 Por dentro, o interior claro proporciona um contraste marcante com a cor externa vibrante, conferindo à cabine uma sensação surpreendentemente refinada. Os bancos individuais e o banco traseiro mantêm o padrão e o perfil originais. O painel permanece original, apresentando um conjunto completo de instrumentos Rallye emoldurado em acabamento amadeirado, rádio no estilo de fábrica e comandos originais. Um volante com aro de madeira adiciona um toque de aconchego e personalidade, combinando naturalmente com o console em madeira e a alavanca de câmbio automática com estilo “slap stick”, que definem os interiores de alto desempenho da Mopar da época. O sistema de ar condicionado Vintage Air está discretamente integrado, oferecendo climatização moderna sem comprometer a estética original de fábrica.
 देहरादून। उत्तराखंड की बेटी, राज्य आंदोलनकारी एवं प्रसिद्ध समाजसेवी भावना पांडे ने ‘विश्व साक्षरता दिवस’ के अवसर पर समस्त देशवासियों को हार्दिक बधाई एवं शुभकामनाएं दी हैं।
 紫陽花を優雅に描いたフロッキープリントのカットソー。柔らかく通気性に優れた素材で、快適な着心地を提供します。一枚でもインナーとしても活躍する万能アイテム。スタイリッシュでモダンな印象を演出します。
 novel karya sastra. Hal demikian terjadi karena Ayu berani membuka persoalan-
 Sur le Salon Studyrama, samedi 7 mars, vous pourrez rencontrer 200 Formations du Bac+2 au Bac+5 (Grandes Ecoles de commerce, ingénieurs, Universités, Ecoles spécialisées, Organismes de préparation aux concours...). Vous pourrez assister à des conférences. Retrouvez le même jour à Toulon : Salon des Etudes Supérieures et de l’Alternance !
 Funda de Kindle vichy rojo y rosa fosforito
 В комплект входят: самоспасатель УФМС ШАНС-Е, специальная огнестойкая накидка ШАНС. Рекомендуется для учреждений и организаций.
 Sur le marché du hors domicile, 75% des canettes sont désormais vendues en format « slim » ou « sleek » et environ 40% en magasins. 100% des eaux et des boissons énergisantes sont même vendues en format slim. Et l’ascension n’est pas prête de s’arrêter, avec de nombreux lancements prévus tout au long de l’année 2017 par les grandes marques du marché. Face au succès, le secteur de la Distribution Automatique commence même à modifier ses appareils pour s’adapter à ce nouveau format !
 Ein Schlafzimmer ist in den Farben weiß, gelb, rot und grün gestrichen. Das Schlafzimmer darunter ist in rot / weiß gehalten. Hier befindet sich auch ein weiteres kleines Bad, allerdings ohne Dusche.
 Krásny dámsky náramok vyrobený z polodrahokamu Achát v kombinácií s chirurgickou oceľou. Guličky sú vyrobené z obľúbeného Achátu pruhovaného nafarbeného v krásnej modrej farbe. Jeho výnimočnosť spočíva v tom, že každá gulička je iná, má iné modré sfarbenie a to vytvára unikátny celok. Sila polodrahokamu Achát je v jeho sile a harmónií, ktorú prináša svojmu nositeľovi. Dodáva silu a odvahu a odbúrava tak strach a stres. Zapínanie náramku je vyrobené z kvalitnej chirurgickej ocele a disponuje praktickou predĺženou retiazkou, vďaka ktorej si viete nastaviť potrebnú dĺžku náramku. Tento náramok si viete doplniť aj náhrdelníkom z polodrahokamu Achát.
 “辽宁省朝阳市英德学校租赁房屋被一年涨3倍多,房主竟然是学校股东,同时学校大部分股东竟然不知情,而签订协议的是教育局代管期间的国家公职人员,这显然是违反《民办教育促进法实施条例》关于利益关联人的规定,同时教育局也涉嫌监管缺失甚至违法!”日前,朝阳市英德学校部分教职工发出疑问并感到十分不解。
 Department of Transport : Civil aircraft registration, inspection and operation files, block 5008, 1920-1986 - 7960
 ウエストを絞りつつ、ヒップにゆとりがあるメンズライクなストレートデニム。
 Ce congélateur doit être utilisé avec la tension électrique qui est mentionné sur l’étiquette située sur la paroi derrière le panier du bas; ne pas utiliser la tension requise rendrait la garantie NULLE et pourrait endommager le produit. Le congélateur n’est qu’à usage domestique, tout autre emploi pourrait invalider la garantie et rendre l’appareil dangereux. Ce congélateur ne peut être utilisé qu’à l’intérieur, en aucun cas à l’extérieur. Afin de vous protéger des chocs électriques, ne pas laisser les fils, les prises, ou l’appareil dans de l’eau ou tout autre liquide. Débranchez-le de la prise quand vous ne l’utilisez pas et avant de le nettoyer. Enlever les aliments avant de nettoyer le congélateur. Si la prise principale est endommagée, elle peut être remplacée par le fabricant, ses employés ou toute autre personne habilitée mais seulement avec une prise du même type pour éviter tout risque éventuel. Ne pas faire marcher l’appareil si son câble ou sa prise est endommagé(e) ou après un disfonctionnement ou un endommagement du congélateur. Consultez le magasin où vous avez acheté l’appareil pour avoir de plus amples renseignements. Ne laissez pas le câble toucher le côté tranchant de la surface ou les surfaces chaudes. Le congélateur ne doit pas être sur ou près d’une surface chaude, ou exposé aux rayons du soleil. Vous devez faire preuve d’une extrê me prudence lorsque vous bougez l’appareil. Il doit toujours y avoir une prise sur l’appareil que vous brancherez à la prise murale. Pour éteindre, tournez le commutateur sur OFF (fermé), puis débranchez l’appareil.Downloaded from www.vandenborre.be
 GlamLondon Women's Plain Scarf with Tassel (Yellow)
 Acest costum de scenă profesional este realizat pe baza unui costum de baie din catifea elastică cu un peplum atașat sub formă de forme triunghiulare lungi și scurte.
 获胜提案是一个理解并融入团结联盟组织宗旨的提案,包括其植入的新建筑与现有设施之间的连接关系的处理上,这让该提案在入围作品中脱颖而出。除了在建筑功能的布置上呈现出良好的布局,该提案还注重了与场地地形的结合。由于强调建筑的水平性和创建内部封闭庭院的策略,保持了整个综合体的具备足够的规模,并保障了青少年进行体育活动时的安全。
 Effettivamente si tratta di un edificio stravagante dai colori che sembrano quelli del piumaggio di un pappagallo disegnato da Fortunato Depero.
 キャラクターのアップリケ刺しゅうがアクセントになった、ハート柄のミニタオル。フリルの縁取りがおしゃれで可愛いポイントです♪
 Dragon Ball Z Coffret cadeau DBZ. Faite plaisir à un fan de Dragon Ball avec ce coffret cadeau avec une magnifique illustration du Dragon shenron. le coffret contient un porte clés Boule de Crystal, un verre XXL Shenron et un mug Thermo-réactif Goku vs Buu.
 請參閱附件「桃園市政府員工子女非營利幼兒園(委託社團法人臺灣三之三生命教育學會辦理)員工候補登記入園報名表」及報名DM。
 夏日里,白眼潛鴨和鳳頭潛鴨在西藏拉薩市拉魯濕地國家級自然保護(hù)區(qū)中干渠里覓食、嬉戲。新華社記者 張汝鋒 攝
========
Quote each line of the listing above exactly.

 Por dentro, o interior claro proporciona um contraste marcante com a cor externa vibrante, conferindo à cabine uma sensação surpreendentemente refinada. Os bancos individuais e o banco traseiro mantêm o padrão e o perfil originais. O painel permanece original, apresentando um conjunto completo de instrumentos Rallye emoldurado em acabamento amadeirado, rádio no estilo de fábrica e comandos originais. Um volante com aro de madeira adiciona um toque de aconchego e personalidade, combinando naturalmente com o console em madeira e a alavanca de câmbio automática com estilo “slap stick”, que definem os interiores de alto desempenho da Mopar da época. O sistema de ar condicionado Vintage Air está discretamente integrado, oferecendo climatização moderna sem comprometer a estética original de fábrica.
 देहरादून। उत्तराखंड की बेटी, राज्य आंदोलनकारी एवं प्रसिद्ध समाजसेवी भावना पांडे ने ‘विश्व साक्षरता दिवस’ के अवसर पर समस्त देशवासियों को हार्दिक बधाई एवं शुभकामनाएं दी हैं।
 紫陽花を優雅に描いたフロッキープリントのカットソー。柔らかく通気性に優れた素材で、快適な着心地を提供します。一枚でもインナーとしても活躍する万能アイテム。スタイリッシュでモダンな印象を演出します。
 novel karya sastra. Hal demikian terjadi karena Ayu berani membuka persoalan-
 Sur le Salon Studyrama, samedi 7 mars, vous pourrez rencontrer 200 Formations du Bac+2 au Bac+5 (Grandes Ecoles de commerce, ingénieurs, Universités, Ecoles spécialisées, Organismes de préparation aux concours...). Vous pourrez assister à des conférences. Retrouvez le même jour à Toulon : Salon des Etudes Supérieures et de l’Alternance !
 Funda de Kindle vichy rojo y rosa fosforito
 В комплект входят: самоспасатель УФМС ШАНС-Е, специальная огнестойкая накидка ШАНС. Рекомендуется для учреждений и организаций.
 Sur le marché du hors domicile, 75% des canettes sont désormais vendues en format « slim » ou « sleek » et environ 40% en magasins. 100% des eaux et des boissons énergisantes sont même vendues en format slim. Et l’ascension n’est pas prête de s’arrêter, avec de nombreux lancements prévus tout au long de l’année 2017 par les grandes marques du marché. Face au succès, le secteur de la Distribution Automatique commence même à modifier ses appareils pour s’adapter à ce nouveau format !
 Ein Schlafzimmer ist in den Farben weiß, gelb, rot und grün gestrichen. Das Schlafzimmer darunter ist in rot / weiß gehalten. Hier befindet sich auch ein weiteres kleines Bad, allerdings ohne Dusche.
 Krásny dámsky náramok vyrobený z polodrahokamu Achát v kombinácií s chirurgickou oceľou. Guličky sú vyrobené z obľúbeného Achátu pruhovaného nafarbeného v krásnej modrej farbe. Jeho výnimočnosť spočíva v tom, že každá gulička je iná, má iné modré sfarbenie a to vytvára unikátny celok. Sila polodrahokamu Achát je v jeho sile a harmónií, ktorú prináša svojmu nositeľovi. Dodáva silu a odvahu a odbúrava tak strach a stres. Zapínanie náramku je vyrobené z kvalitnej chirurgickej ocele a disponuje praktickou predĺženou retiazkou, vďaka ktorej si viete nastaviť potrebnú dĺžku náramku. Tento náramok si viete doplniť aj náhrdelníkom z polodrahokamu Achát.
 “辽宁省朝阳市英德学校租赁房屋被一年涨3倍多,房主竟然是学校股东,同时学校大部分股东竟然不知情,而签订协议的是教育局代管期间的国家公职人员,这显然是违反《民办教育促进法实施条例》关于利益关联人的规定,同时教育局也涉嫌监管缺失甚至违法!”日前,朝阳市英德学校部分教职工发出疑问并感到十分不解。
 Department of Transport : Civil aircraft registration, inspection and operation files, block 5008, 1920-1986 - 7960
 ウエストを絞りつつ、ヒップにゆとりがあるメンズライクなストレートデニム。
 Ce congélateur doit être utilisé avec la tension électrique qui est mentionné sur l’étiquette située sur la paroi derrière le panier du bas; ne pas utiliser la tension requise rendrait la garantie NULLE et pourrait endommager le produit. Le congélateur n’est qu’à usage domestique, tout autre emploi pourrait invalider la garantie et rendre l’appareil dangereux. Ce congélateur ne peut être utilisé qu’à l’intérieur, en aucun cas à l’extérieur. Afin de vous protéger des chocs électriques, ne pas laisser les fils, les prises, ou l’appareil dans de l’eau ou tout autre liquide. Débranchez-le de la prise quand vous ne l’utilisez pas et avant de le nettoyer. Enlever les aliments avant de nettoyer le congélateur. Si la prise principale est endommagée, elle peut être remplacée par le fabricant, ses employés ou toute autre personne habilitée mais seulement avec une prise du même type pour éviter tout risque éventuel. Ne pas faire marcher l’appareil si son câble ou sa prise est endommagé(e) ou après un disfonctionnement ou un endommagement du congélateur. Consultez le magasin où vous avez acheté l’appareil pour avoir de plus amples renseignements. Ne laissez pas le câble toucher le côté tranchant de la surface ou les surfaces chaudes. Le congélateur ne doit pas être sur ou près d’une surface chaude, ou exposé aux rayons du soleil. Vous devez faire preuve d’une extrê me prudence lorsque vous bougez l’appareil. Il doit toujours y avoir une prise sur l’appareil que vous brancherez à la prise murale. Pour éteindre, tournez le commutateur sur OFF (fermé), puis débranchez l’appareil.Downloaded from www.vandenborre.be
 GlamLondon Women's Plain Scarf with Tassel (Yellow)
 Acest costum de scenă profesional este realizat pe baza unui costum de baie din catifea elastică cu un peplum atașat sub formă de forme triunghiulare lungi și scurte.
 获胜提案是一个理解并融入团结联盟组织宗旨的提案,包括其植入的新建筑与现有设施之间的连接关系的处理上,这让该提案在入围作品中脱颖而出。除了在建筑功能的布置上呈现出良好的布局,该提案还注重了与场地地形的结合。由于强调建筑的水平性和创建内部封闭庭院的策略,保持了整个综合体的具备足够的规模,并保障了青少年进行体育活动时的安全。
 Effettivamente si tratta di un edificio stravagante dai colori che sembrano quelli del piumaggio di un pappagallo disegnato da Fortunato Depero.
 キャラクターのアップリケ刺しゅうがアクセントになった、ハート柄のミニタオル。フリルの縁取りがおしゃれで可愛いポイントです♪
 Dragon Ball Z Coffret cadeau DBZ. Faite plaisir à un fan de Dragon Ball avec ce coffret cadeau avec une magnifique illustration du Dragon shenron. le coffret contient un porte clés Boule de Crystal, un verre XXL Shenron et un mug Thermo-réactif Goku vs Buu.
 請參閱附件「桃園市政府員工子女非營利幼兒園(委託社團法人臺灣三之三生命教育學會辦理)員工候補登記入園報名表」及報名DM。
 夏日里,白眼潛鴨和鳳頭潛鴨在西藏拉薩市拉魯濕地國家級自然保護(hù)區(qū)中干渠里覓食、嬉戲。新華社記者 張汝鋒 攝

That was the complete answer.